6. The next step is to take the clumped points and average them together. The function average-point should take a list of points and averages them all down to a single point. The average point is obtained by averaging all the x values to get an x value and all the y values to get a y value. average-point should also include the distance rating indicating how far the average point was from all the points. When the distance rating is small, it will mean that the points were in a clump. You should use let to avoid computing the average point twice.

#|kawa:14|# (average-point '((0 0) (2 0) (6 0)))
(5.925925925925926 (8/3 0))
#|kawa:15|# (average-point '((0 0) (2 0) (6 0) (1 0) (5 4) (4 5)))
(590.8865213418864 (3 3/2))

7. Built on all of the functions so far, the function best-estimate takes a guess (a list of circles), computes all the points of intersection, winnows those points down to those which are most clumped, and returns their average point.

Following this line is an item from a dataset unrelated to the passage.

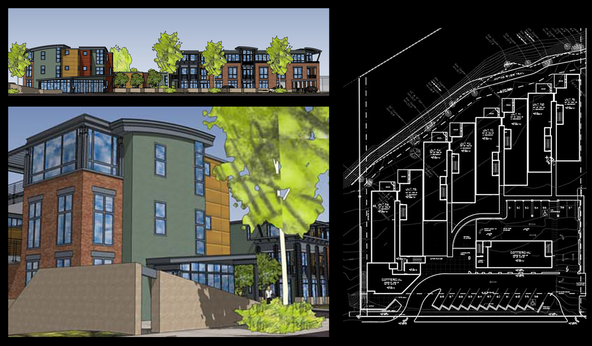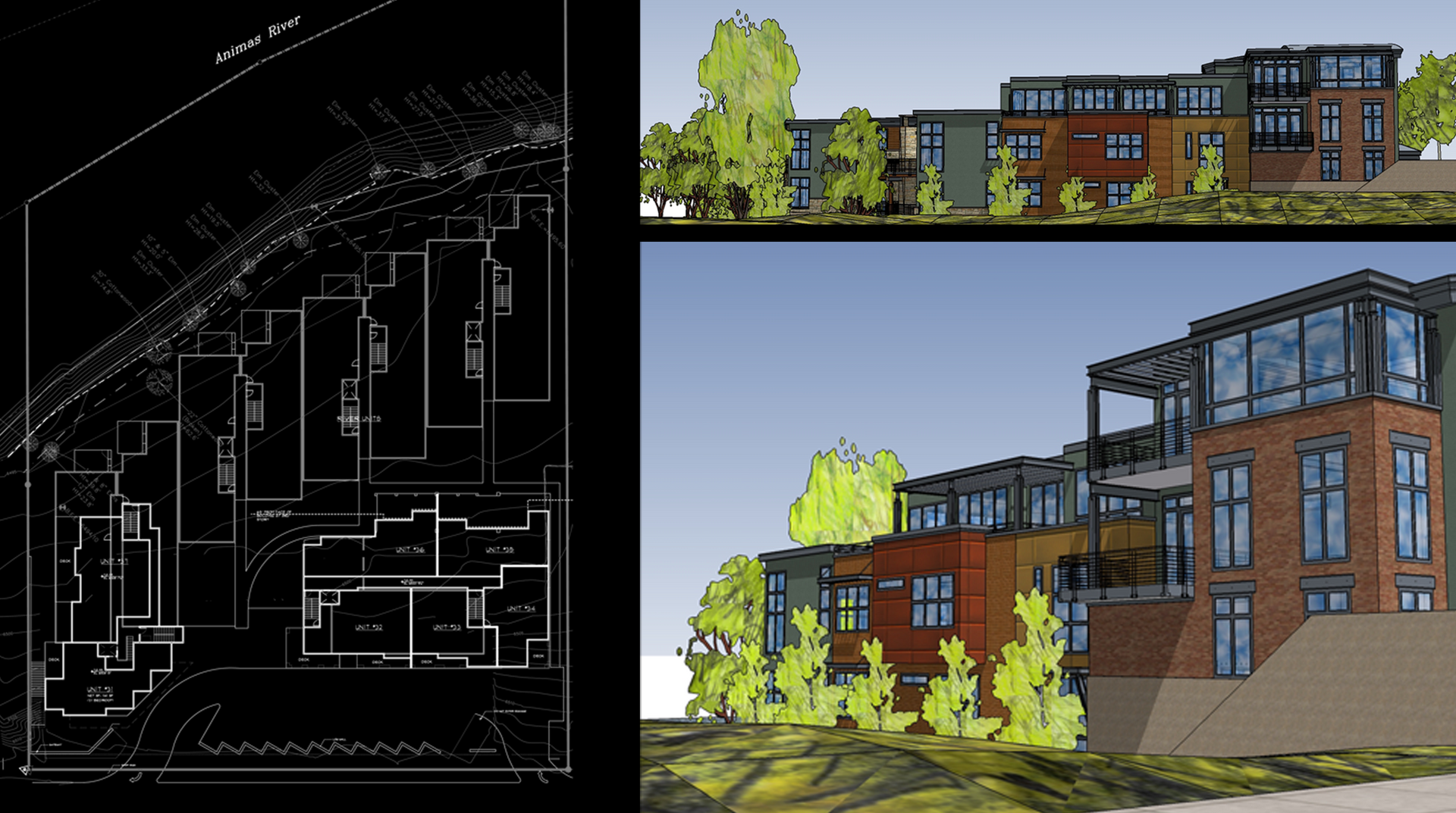 Berglund Architects master planned and designed this 38 unit, 80,000 SF redevelopment mixed use project on the Animas River in downtown Durango. The project includes street level surface commercial parking, private underground residential parking, 25 three-bedroom riverfront units and 13 smaller live-work units above street level commercial space. It incorporates access to a public river trail and a significant water feature linking a street level public patio with river level private interior landscaped courtyard. The contemporary contextual architecture relates to the nearby historic masonry downtown buildings while creating a dynamic river corridor environment. Berglund Architects successfully led the planning approval process.

#|kawa:16|# (best-estimate '((1 (0 0)) (1 (2 0)) (0.1 (1 0))))
(5.942527670663184E-4 (1.0016666666666667 0.033291640592396886))

The implication: the three circles essentially intersect around the point (1 0).

8. Finally, given a list of distances and a list of star locations, the function where-am-i should compute all the possible guesses, use best-estimate to get an answer out of each one, and sort the estimates in increasing order of distance rating. The result is a list of rated points. The first point is where you are, the rest are your other possible locations, in decreasing order of likelihood.

#|kawa:17|# (where-am-i '(2.5 11.65 7.75) '((0 0) (4 4) (10 0)))
((5.164102748844367E-6 (11.481441859657613 2.001220110464802)) (0.3394092159986836 (-1.8429290506186957 -1.216560811506545))
(0.6676116235553851 (7.76704142138513 0.4622501635210244))
(0.7871787994250546 (2.128838984322123 0.5892556509887895)) (4.398427430402362 (3.9811875000000003 6.126803974552016))
(45.38616651704703 (4.326820849071189 4.1540809322972985)))

So, (11.5 2.0) is the solution. (Data came from scattering stars randomly on a piece of paper, and then measuring the distances with a ruler to get realistically noisy data) The other solutions have distance terms a several orders of magnitude larger, so they’re wrong. Sometimes there will be more than one reasonable solution given the observed, such as in the following case.

#|kawa:18|# (where-am-i '(1 2) '((0 0) (3 0)))
((1 (1.0 0.0)) (1 (2.0 0.0)))

In this case it's useful that the function returns both guesses since the best we can deduce is that the solution is either (1 0) or (2 0). Both match the observed with equal perfection. If you like, you can modify where-am-i to only return the top 5 or so guesses, as it gets a bit tiresome seeing the scores of wrong guesses that you never care about.

For you final test, determine your location for the following problem:

distances: 2.65 5.55 5.25
stars: (0 0) (4 6) (10 0) (7 4) (12 5).

You can verify your answer with some paper and a ruler. It never hurts to back up your digital computer with an analog one.